Akemi is behind him, sitting in the window seat, looking shattered and hungover, her mascara streaked with tears. “That’s done,” she says. “Looks like time to go.”

“Where?” he says. “And to what purpose?”

“We have a plan,” she says, and reaches past him to close the door.





53

A Little Beyond the Law

Night in the desert and the freight train roaring by. Behind Kern the desert is empty and still, but he knows that out there in all that vacancy someone is looking for him, and they may still be far away but that they’re coming is a certainty and the only escape is across the tracks where he’s been waiting patiently but the cars keep coming and still no end in sight.
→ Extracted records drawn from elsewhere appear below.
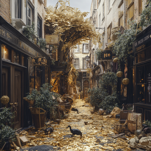 a photorealistic image from a moviea surreal twist vision of a post war london soho. The streets are paved with gold and the street furniture as turned into plants. The buildings are made of flora and fauna and the animals are made of trash - - ar 16:9
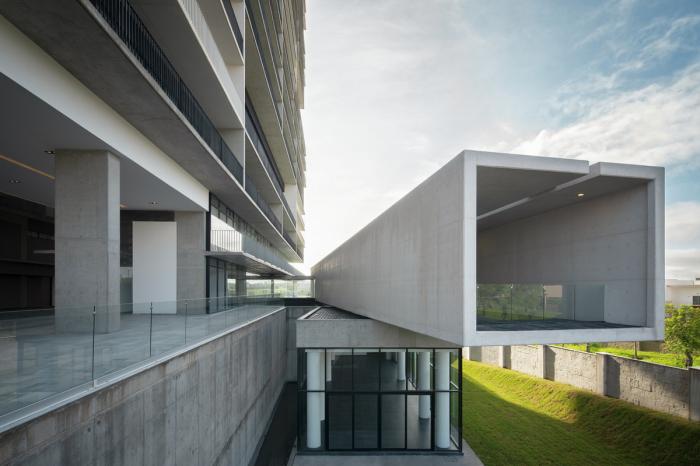 建筑师将部分的休闲娱乐空间置于一层,以和外部的绿地环境产生联系。建筑师将不同体块在多个维度组合成一体,使得来访者进入大楼所看到的第一个场景,是简洁并基础的几何元素。同时,建筑师还用一个白色混凝土体块容纳了水体,将户外水池所反射的自然光照引入室内,从而和室内环境产生微妙的关联。
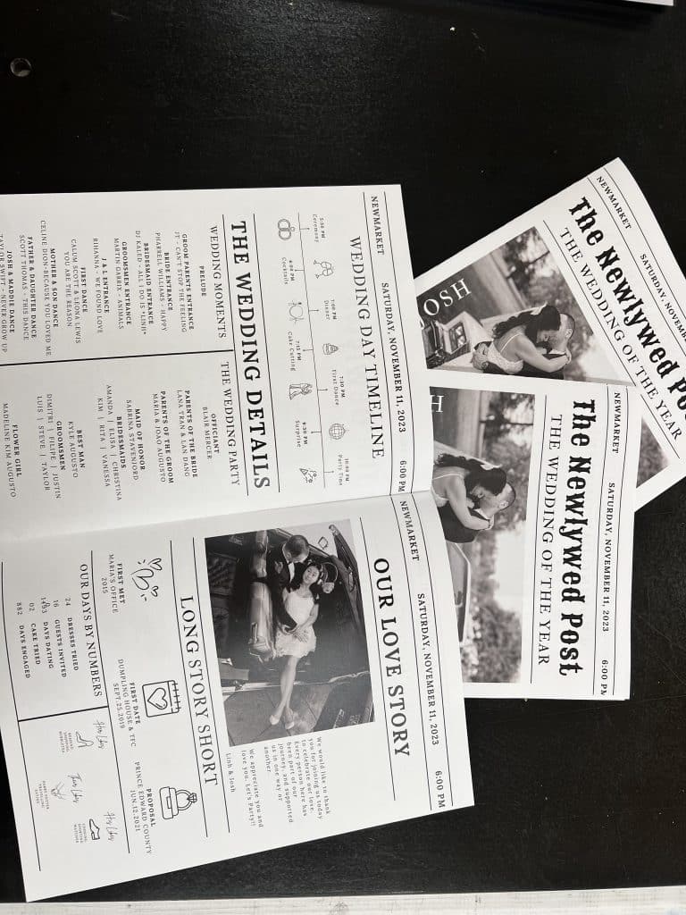 We specialize in premium dance floor wraps with a mandatory protective layer for a flawless, durable finish. From custom-designed wedding invitations, menus, place cards, and stationery on a wide range of papers, to large foamboard seating charts, welcome signs, and full event signage — we offer high-quality printing and design solutions as your one-stop shop for wedding and event printing.
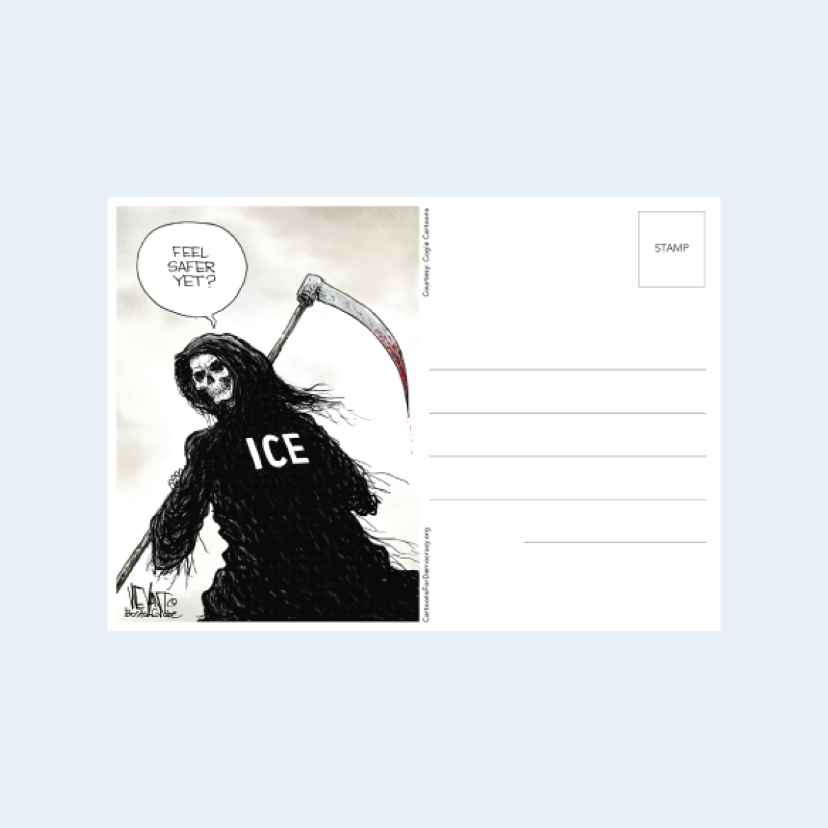 Cartoons about the catastrophic behavior of ICE are difficult to use in the context of GOTV postcards. Often they are simply too graphic, to specific to a single event, or the humor pulls away from the magnitude of the issue. Taken from his cartoon "Feel Safer Yet?" by Christopher Weyant (courtesy Cagle Cartoons), we felt this striking image conveyed the horror of the situation, without going over a line. Recipients WILL notice this card, and turn it over to see your message.

He looks over his shoulder—the barren sand looks white in the moonlight. It smells of smoke and creosote—he can tell it’s going to be yet another dry year. With each passing car there’s a deafening pulse and he’s wondering if he could time them, fling himself through one of the evanescent gaps, and he’s looking for his moment when behind him someone ostentatiously clears his throat.

He surges out from under the covers, is up and on balance, scanning for threats that aren’t there because he’s in his hotel room in the dark. He sits on the bed, relieved that he’s alone. He gradually registers the bleating of the landline on the nightstand.

He picks up the receiver just to stop the noise and listens to the line’s silence until Akemi says, “Hello? Are you there? Did I get the right room?”

“I thought you were gone,” he says wonderingly, feeling woozy, as though the room were unreal. He focuses on the bullpup in its black case on his desk, the Mr. Li suit hanging in the closet over his duffel bag of clothes. “I was going to go back for you,” he says, “but I didn’t have any weapons, and I probably just would’ve died if…” He trails off, ashamed of his cowardice, his cringing explanations.

“Well then, you can help me now,” she says. “I need you more than ever.”

“I can’t. I have a job. I’m flying out in the morning for work.” Strange to hear himself—these words belong to someone else’s life.